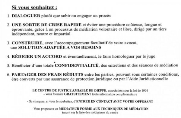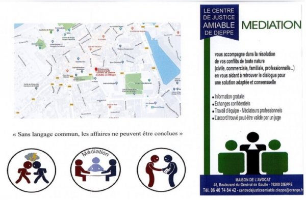Pour tous renseignements sur la médiation et le Centre de Justice Amiable de DIEPPE, contactez la Maison de l’Avocat: 02.35.04.95.26
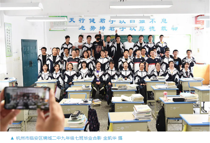 施秉縣第三中學九年級六班的同學與遠在1400公里外的杭州市臨安區錦城二中九年級七班的同學通過釘釘平臺隔空拍攝了一張特殊的畢業照。扶貧先扶志,扶貧必扶智。這一切皆因東西部扶貧協作而結緣,故事也因杭州市臨安區援派
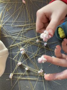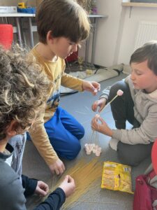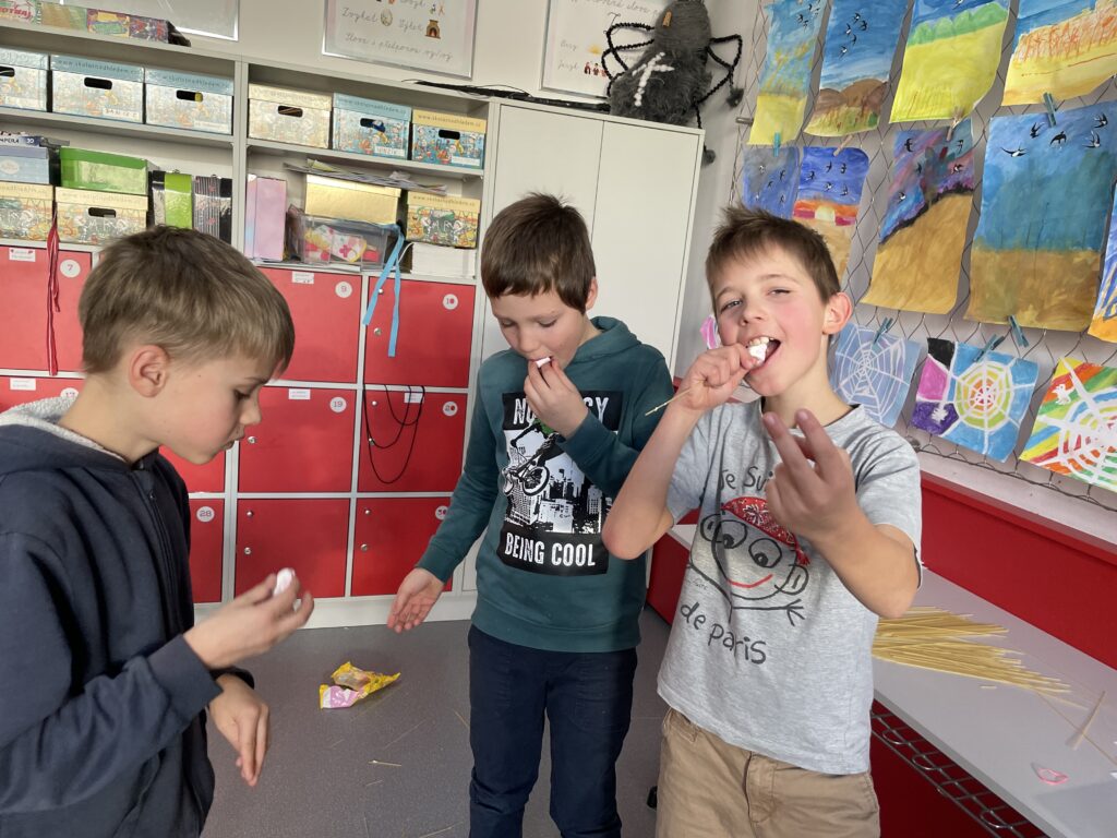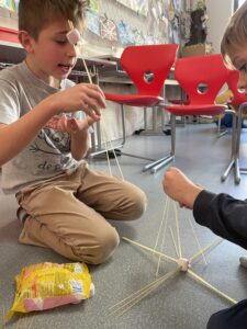 Dnes jsme si ve třídě vyzkoušeli netradiční aktivitu, která prověřila naši kreativitu, trpělivost a týmovou spolupráci. Úkolem bylo postavit co nejvyšší věž pouze z syrových špaget a marshmallownů. Na první pohled jednoduché, ale jak jsme brzy zjistili, špagety nejsou zrovna nejpevnější materiál!
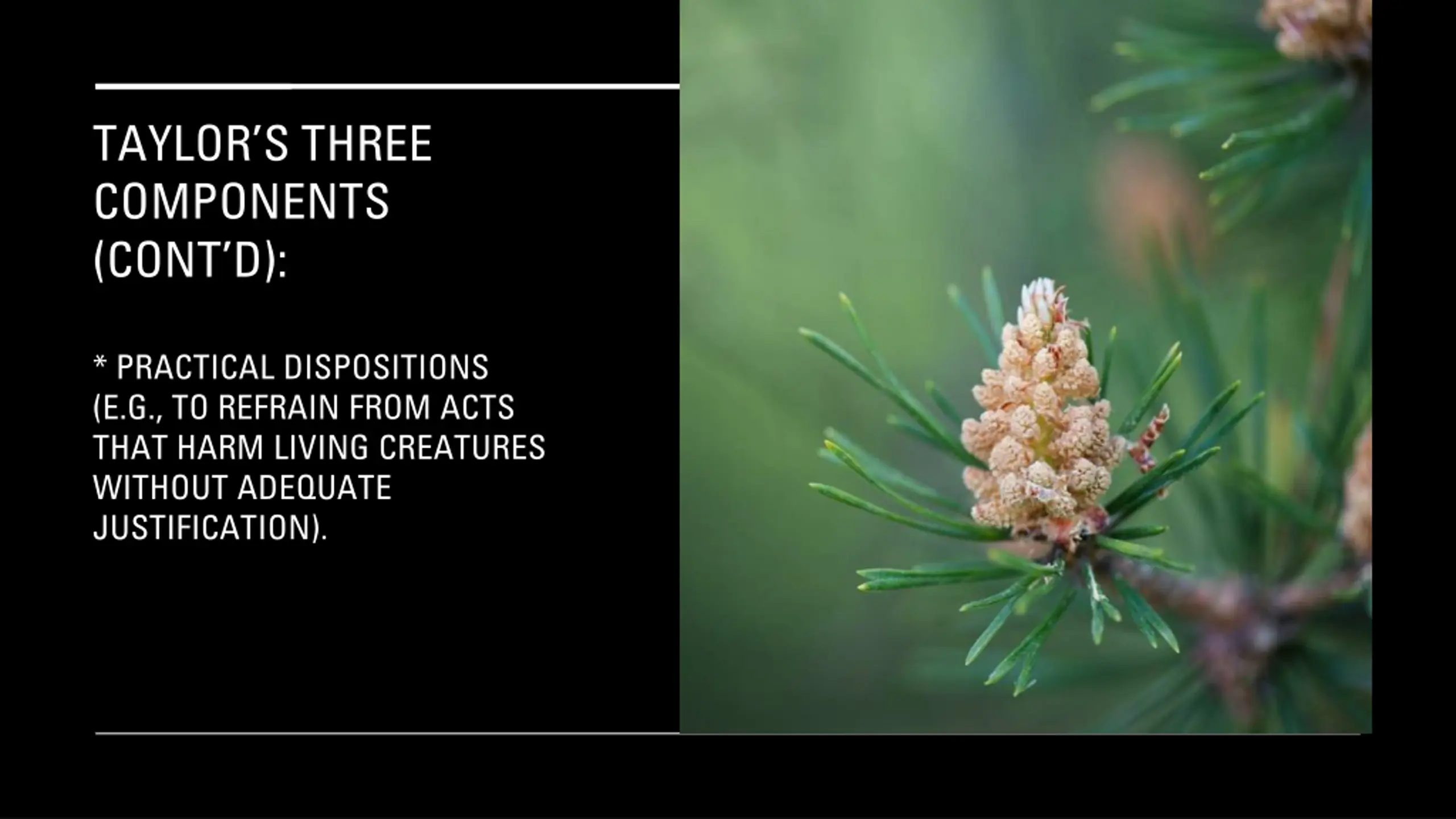TAYLORS THREE COMPONENTS (CONT D): * PRACTICAL DISPOSITIONS (E.G., TO REFRAIN FROM ACTS THAT HARM LIVING CREATURES WITHOUT ADEQUATE JUSTIFICATION).
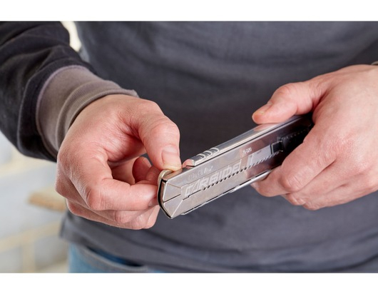 Corps aluminium léger, robuste et inoxydable. Bouton-poussoir pour un déverouillage rapide, facile et simple de la lame sans sortir le chariot.  Casse-lames intégré : pour casser les lames de manière sûre et efficace. Aucun outil nécessaire pour le changement de lames. Molette de blocage : verrouillage total de la lame pendant l’utilisation.. Cutter extra long : pour une utilisation à deux mains sur des applications nécessitant une force importante. Poignée striée : bonne prise en main et évite les glissements.
□ □ □
- TASK BRIEF -
When you reach an image, pass over it, and retype all other material exactly.

- EXERCISE SOLUTION -
Pour tous renseignements sur la médiation et le Centre de Justice Amiable de DIEPPE, contactez la Maison de l’Avocat: 02.35.04.95.26
 施秉縣第三中學九年級六班的同學與遠在1400公里外的杭州市臨安區錦城二中九年級七班的同學通過釘釘平臺隔空拍攝了一張特殊的畢業照。扶貧先扶志,扶貧必扶智。這一切皆因東西部扶貧協作而結緣,故事也因杭州市臨安區援派
 Dnes jsme si ve třídě vyzkoušeli netradiční aktivitu, která prověřila naši kreativitu, trpělivost a týmovou spolupráci. Úkolem bylo postavit co nejvyšší věž pouze z syrových špaget a marshmallownů. Na první pohled jednoduché, ale jak jsme brzy zjistili, špagety nejsou zrovna nejpevnější materiál!
TAYLORS THREE COMPONENTS (CONT D): * PRACTICAL DISPOSITIONS (E.G., TO REFRAIN FROM ACTS THAT HARM LIVING CREATURES WITHOUT ADEQUATE JUSTIFICATION).
 Corps aluminium léger, robuste et inoxydable. Bouton-poussoir pour un déverouillage rapide, facile et simple de la lame sans sortir le chariot.  Casse-lames intégré : pour casser les lames de manière sûre et efficace. Aucun outil nécessaire pour le changement de lames. Molette de blocage : verrouillage total de la lame pendant l’utilisation.. Cutter extra long : pour une utilisation à deux mains sur des applications nécessitant une force importante. Poignée striée : bonne prise en main et évite les glissements.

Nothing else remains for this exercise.